Это место не было священным. Наоборот, оно было осквернено
самым гнусным кощунством. Здесь был знаменитый новоорлеанский
невольничий рынок, где людей, их тело и даже душу, продавали и
покупали с торгов!
Эти стены были свидетелями многих жестоких и мучительных
разлук. Здесь мужа отрывали от жены, дитя -- от матери. Как
часто горькие слезы орошали эти мраморные плиты, как часто под
высокими сводами раздавались тяжкие вздохи, и не только вздохи,
но и крики разбитых сердец!
Я уже сказал, что, когда вошел под своды этого обширного
зала, душа моя была полна самых мрачных чувств. И
неудивительно, что сердце у меня сжалось при виде открывшейся
передо мной картины.
Вы, вероятно, надеетесь, что я подробно опишу ее вам. Но
вас ждет разочарование: я не в силах этого сделать. Если бы я
пришел сюда как праздный зритель, как холодный репортер,
которого не трогает то, что происходит перед его глазами, я
заметил бы все подробности и пересказал бы их вам. Но дело
обстояло совсем не так. Меня преследовала одна-единственная
мысль, мои глаза искали только одно лицо, и это мешало мне
следить за тем, что происходит вокруг.
Кое-что все-таки сохранилось у меня в памяти. Так, я помню,
что ротонда, отвечая своему названию, была большим круглым
залом с полом, выложенным мраморными плитами, со сводчатым
потолком и белыми стенами. Окон в ней не было, и она освещалась
сверху. В глубине на помосте стояло что-то вроде кафедры, а
возле нее большая каменная глыба кубической формы. Я сразу
отгадал назначение этих предметов.
Вдоль стены тянулся выступ в виде каменной скамьи.
Назначение его я также понял без труда.
Когда я вошел, в зале собралось уже много народу. Публика
пришла самая разношерстная, всех возрастов и сословий. Люди
стояли кучками, непринужденно разговаривая, точно собрались для
какой-то церемонии или забавы и ждут начала. По поведению
присутствующих было видно, что предстоящее дело не настраивает
их на торжественный лад; наоборот, судя по грубым шуткам и
взрывам громкого смеха, поминутно раздававшимся в зале, можно
было предположить, что они ждут какого-то развлечения.
Однако здесь была группа людей, резко выделявшаяся среди
шумной толпы.
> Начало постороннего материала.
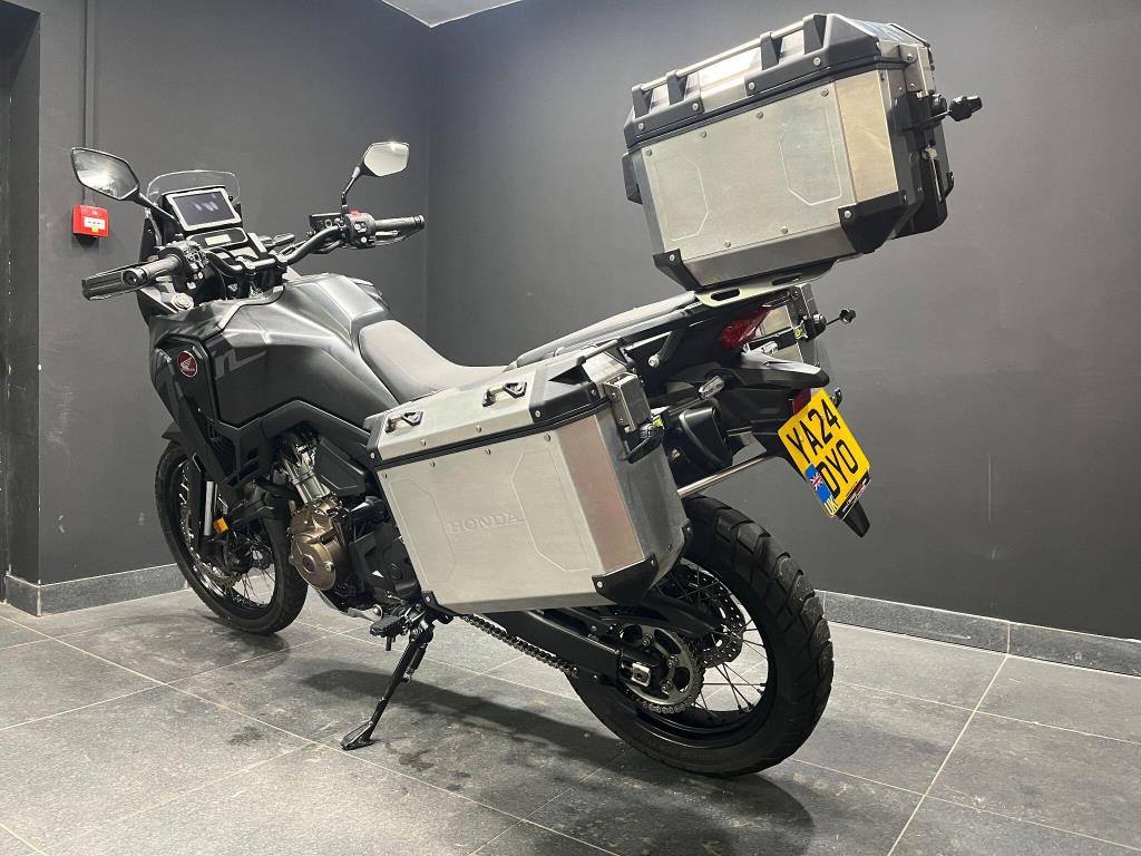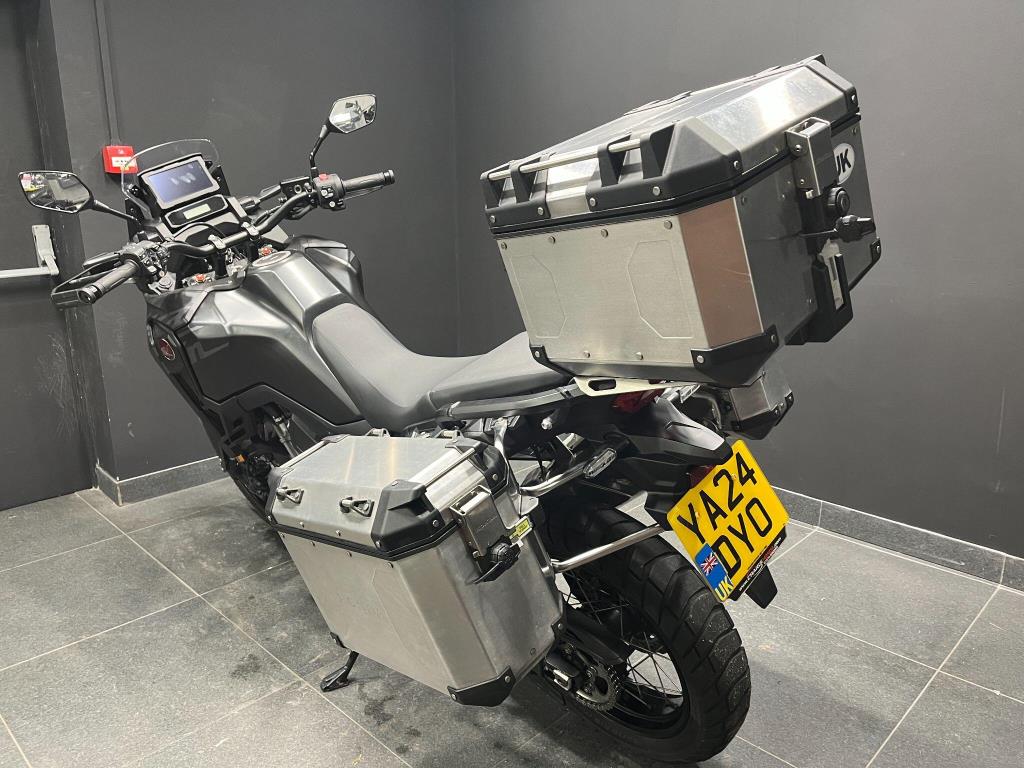 Honda Crf1100 Africa Twin Dct (Automatic ) 2024 bike in excellent condition , Finished in Matt Cynos Grey And fitted with a full set of Factory Alloy luggage . this is the excellent Dct transmission model , giving the option of automatic gear changes or manual gear change . a excellent adventure bike with some great features including Tft touch screen display , Power modes , Apple Carplay and much more .
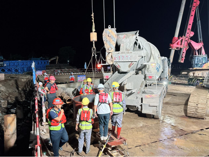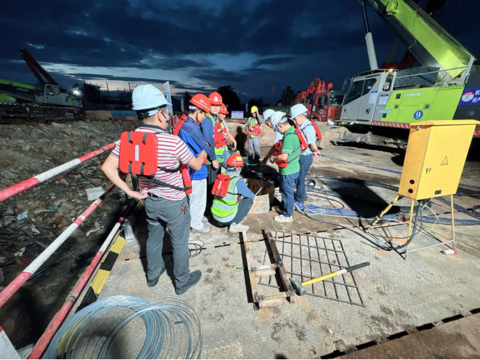 在施工現(xiàn)場,建設(shè)團(tuán)隊(duì)嚴(yán)格依照標(biāo)準(zhǔn)化施工流程推進(jìn)作業(yè)。從施打鋼護(hù)筒筑牢基礎(chǔ)防線,到旋挖機(jī)精準(zhǔn)鉆孔;從初次清孔、鋼筋籠精準(zhǔn)下放,再到安裝導(dǎo)管、二次清孔,直至完成水下混凝土澆筑,每一個(gè)環(huán)節(jié)都經(jīng)過精密測算與嚴(yán)格把控。過程中,建設(shè)單位園區(qū)公司、監(jiān)理單位、施工單位三方組成專項(xiàng)攻堅(jiān)小組,全程駐守現(xiàn)場,通過技術(shù)交底、實(shí)時(shí)監(jiān)測、動態(tài)調(diào)整,全力確保澆筑過程萬無一失。
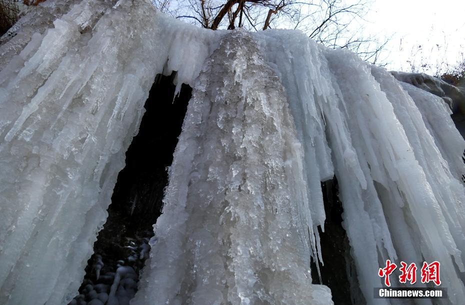 近日由于北京天气降温至—10摄氏度左右,山区更为严寒。在北京门头沟区王平镇山谷里,常年流动的山泉水凝结形成的巨大冰瀑,呈现北国景观,吸引游人前来观赏、拍照。图为12月10日,在北京市门头沟区王平镇山谷,山泉凝固形成的冰瀑,吸引市民前来观赏拍照。中新社发 李文明 摄 图片来源:CNSPHOTO
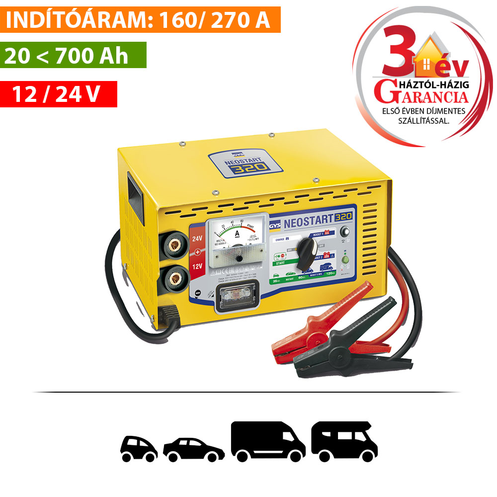 A Neostart 320 készülék folyékony elektrolittal töltött 20 Ah - 700 Ah kapacitású, 12 V-os és 24 V-os ólomakkumulátorok töltésére alkalmas. Ez a készülék hagyományos akkumulátortöltő, a feltöltöttségi szintet figyelni kell rajta.
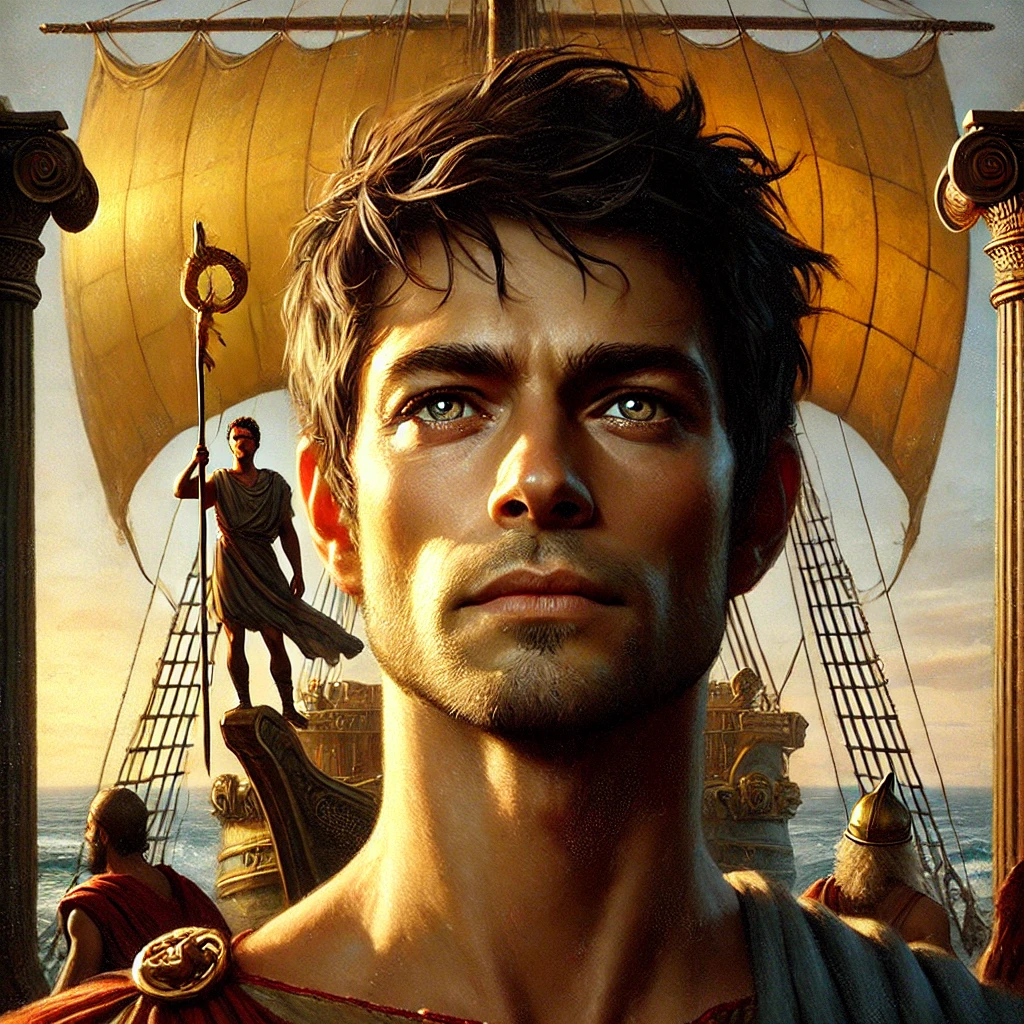 Lit by golden light, Jason stands resolute on the prow of the Argo, the Golden Fleece lifted high. His face is calm but commanding, and his eyes are sharp and purposeful. His windswept hair and confident posture mark him as the returning hero—the rightful ruler, fulfilling prophecy and oath alike as the shores of Iolcos draw near.
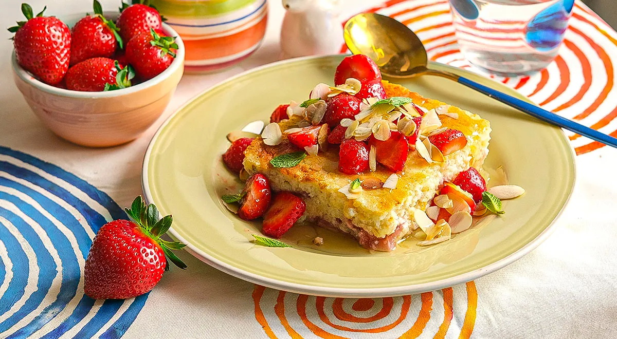 Braškėmis įdaryta kepta manų košė
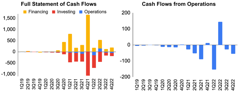 Note that hedging to ensure required cash outlays can be met is of particular importance for bitcoin miners given industry cash flow dynamics. Unlike other industries that can consistently self-fund via operations, miners often produce negative operating cash flow and have turned to financings or asset sales to generate cash. However, as we’ve seen in the latest downturn, debt and equity financing (included below in the cash flow from financing activity category) is not always available and a miner only has so many assets that it can sell (which typically occurs when asset prices are low; also, cash flow from investing activity is typically negative as miners use cash to buy rigs and facilities). As such, hedging is particularly important to ensure that cash flow from operations is at least breakeven and the miner generates enough cash to sustain itself even when the financing markets and asset sales are unavailable.
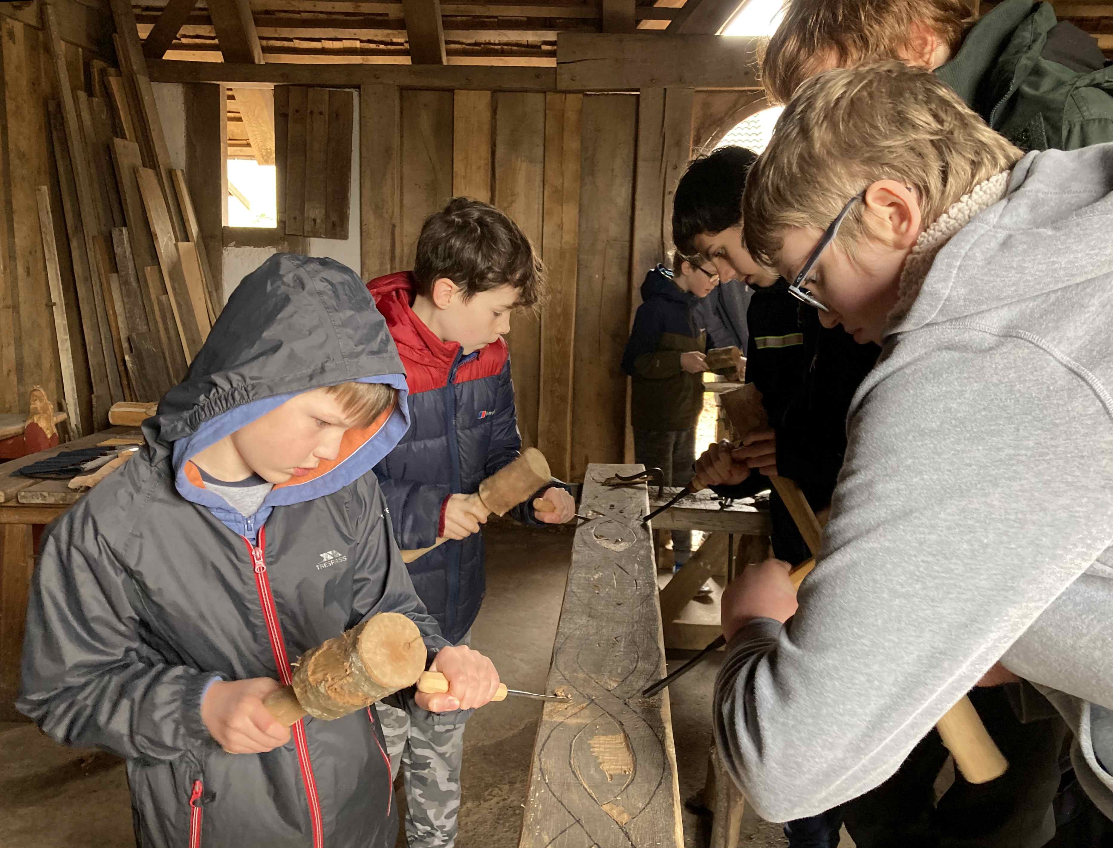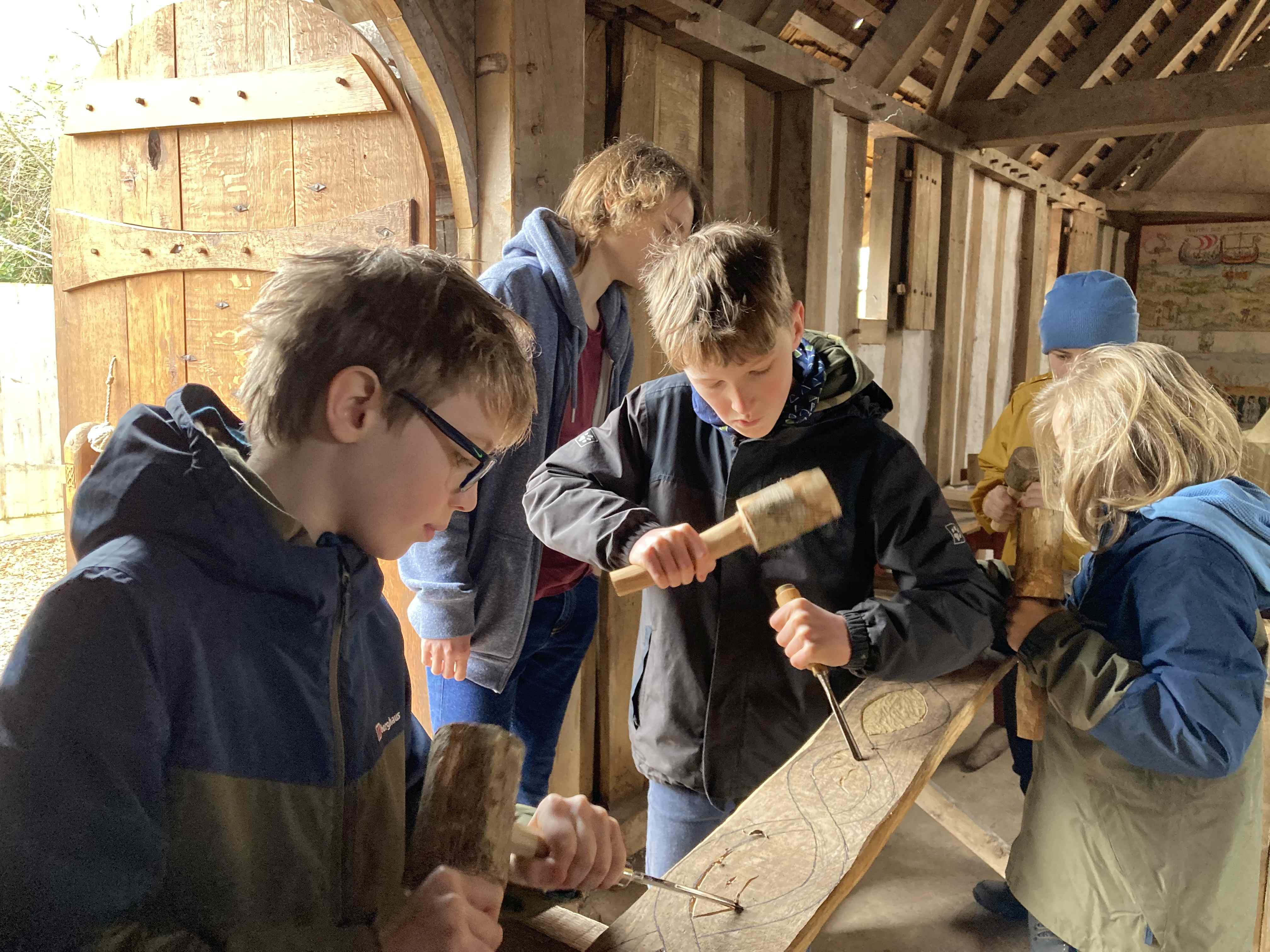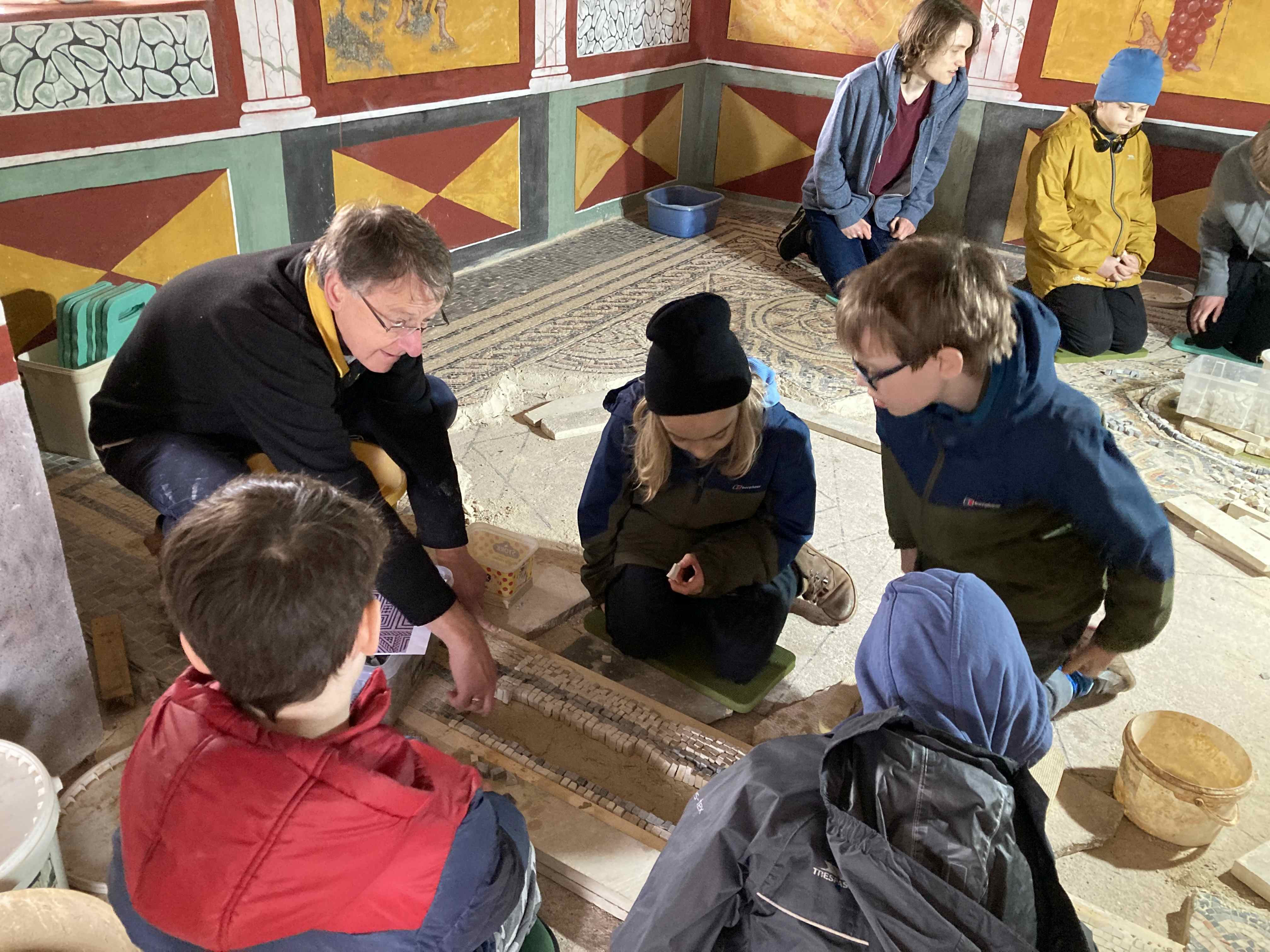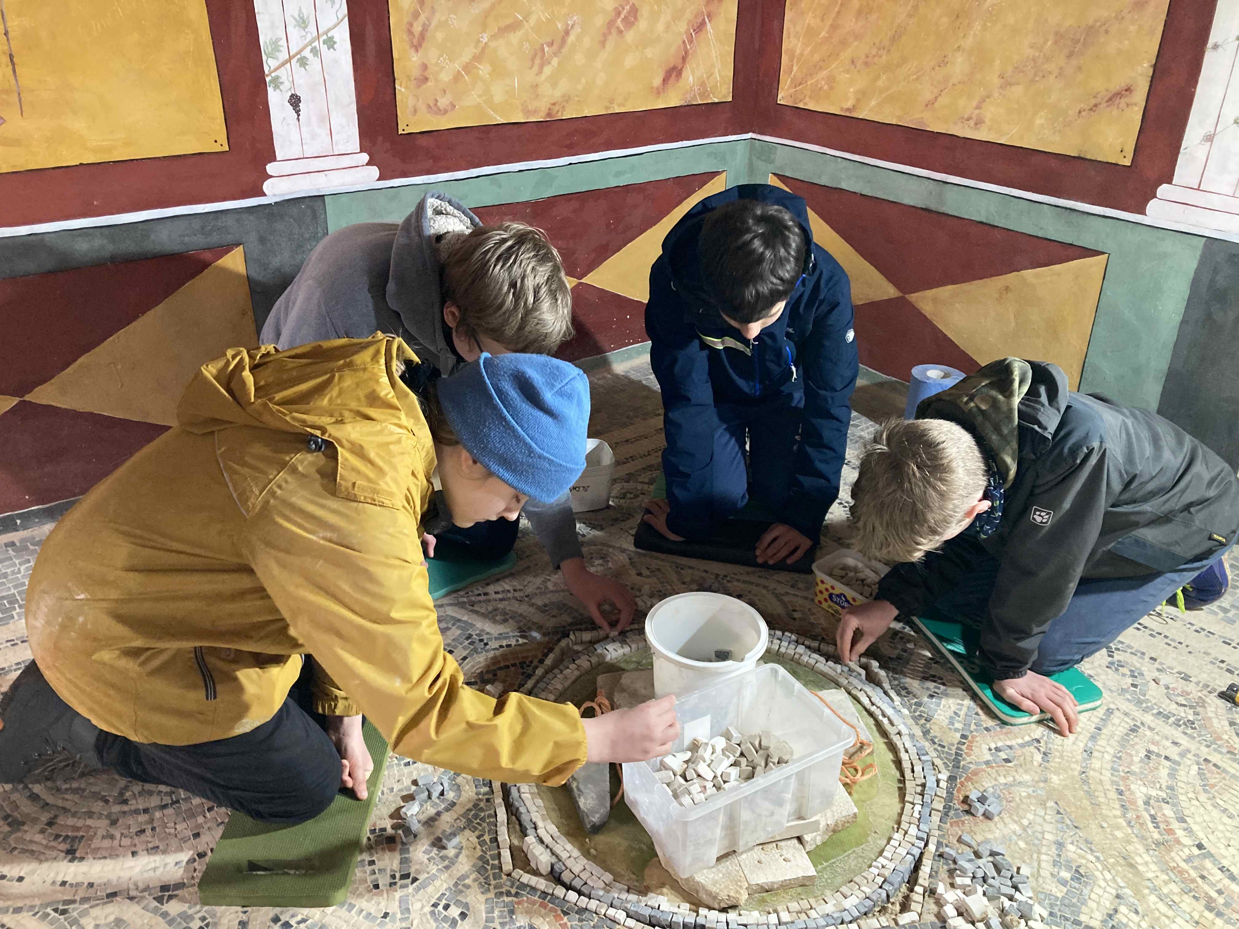 The wonderful and talented MAYAN young archaeologists have been on the site again, learning woodcarving and mosaic laying skills. Having earlier proved that children can make mosaic tesserae using a hammer and hardie as good as adults can, the MAYANS have now shown that they could have helped to lay the mosaic too. In the pictures below they did the bit inside the squares and linked up the black and white border (and no, its not meant to line up perfectly, thats how its designed). Another first for the Avalon Archaeology site, using experimental archaeology to prove the feasibility of child labour for this significant Roman industry. What should we get them to do next? Answers on a £20 note to the usual address.

Эти люди теснились на каменной скамье или возле
нее, сидели на корточках или стояли, прислонившись к стене во
всевозможных позах. Их черная или бронзовая кожа, густые
курчавые волосы, грубые красные башмаки, одежда из дешевых
хлопчатобумажных тканей, окрашенных в коричневый цвет соком
катальпы, -- все эти характерные черты отличали их от остальных
людей, собравшихся в зале; это были существа из другого мира.
Но даже независимо от различия в одежде или цвета кожи, от
толстых губ, широких скул и курчавых волос можно было сразу
сказать, что люди, сидевшие на каменной скамье, были в совсем
ином положении, чем те, что расхаживали по залу. Одни громко
разговаривали и весело смеялись, тогда как другие сидели
молчаливые и удрученные. Одни выступали с видом победителей,
другие застыли с безнадежностью пленников, устремив в одну
точку унылый взгляд. Одни были господа, другие -- рабы! Это
были невольники с плантации Безансонов.
Все молчали или переговаривались шепотом. Большинство
казались встревоженными. Матери сидели, нежно прижимая к груди
своих малюток, шептали им ласковые слова и старались их
убаюкать. Порой, когда материнское сердце сжималось от страха,
крупная слеза скатывалась по смуглой щеке. Отцы смотрели на них
застывшими от скорби глазами, с выражением беспомощности и
отчаяния на суровых лицах; они знали, что не в силах изменить
свою участь, не в силах отвратить удар, какое бы решение ни
приняли окружавшие их бессердечные негодяи.
Впрочем, не все были печальны и напуганы. Кое-кто из
молодых невольников, юношей и девушек, разоделся в яркие
костюмы и платья с оборками, складочками и лентами. Эти,
по-видимому, не тревожились о будущем и даже казались
довольными; они весело смеялись, переговариваясь друг с другом,
а иногда даже перекидывались словечком с кем-нибудь из белых.
Перемена хозяина не казалась им такой уж страшной после того
обращения, какому они подвергались последнее время. Некоторые
из них ожидали перемены даже с радостной надеждой. Так были
настроены молодые франты и светлокожие красавицы с плантации.
Быть может, они останутся в этом городе, о котором они столько
слышали; быть может, их ждет здесь более светлое будущее.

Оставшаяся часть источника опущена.